Hydrant 2.0.0

Hydrant 2.0.0

TestsTested
LangLanguage Obj-CObjective C
License BSD
ReleasedLast Release Jul 2016

Maintained by Jeff Hui.



Hydrant 2.0.0

Documentation

A simple object data mapper for Objective-C. It aims to solve the data mapping problem well with a high degree of flexibility.

Mapping NSDictionaries to Value Objects is boring work! A lot of the work usually gets spread around in -[initWithDictionary:] methods which has a few drawbacks:

  • They tightly couple your deserialization process to the value object. This can be extra confusing for deserializing the same object with a not-so-consistent backend API (which you may not control).
  • You tightly couple building an object graph (assuming your API returns one) into a specific value object.
  • You have to repeat the same, code in reverse when deserializing it back.
  • Convert various basic values into various native objective-c objects.
  • You have lots of laborious tests to cover various edge cases (you do test it right?)

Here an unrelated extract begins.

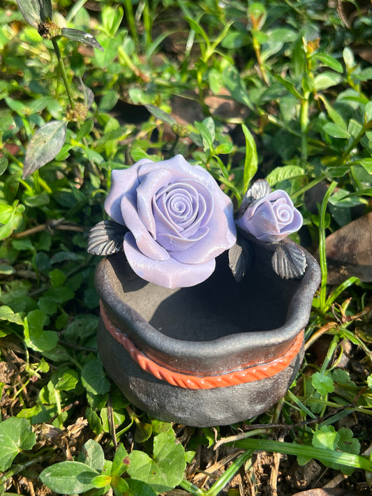 Handmade Chinese Tietai Pottery Woodfired Natural Gloss Artwork Purple Rose Flower Teacup Gongfu Teaware Teacup

Of course, then you want to convert them from one data format to another:

  • RFC3339 string should be converted into an NSDate
  • strings into NSURL
  • strings that need to be converted into numbers
  • a fixed set of strings as NS_ENUM values
  • etc.

But then you need to handle error cases. You don't want your app to crash, so:

  • Check you don't have [NSNull null] and/or nil
  • Check you have the correct type (before + after conversions)
  • Check if the key in a JSON object exists
  • Try and convert some json format into a specific object (eg - a string into an NSDate)
  • Possibly use a default value if any of the above cases fail
  • Do partial recovery, like excluding an object in an array of JSON objects if that one object is invalid.
  • Provide ways to extend to your custom parsing requirements

And that's what Hydrant aims to solve.

Of course, if you can fully control the API you hit, this library isn't much of a big deal. But for developers that need to interact with APIs you don't directly control. Hydrant can help.

Installation

Like cocopods? Add this:

pod "Hydrant", '~>2.0.0'

Or if you prefer living life on the edge:

pod "Hydrant", :git => "https://github.com/jeffh/Hydrant.git"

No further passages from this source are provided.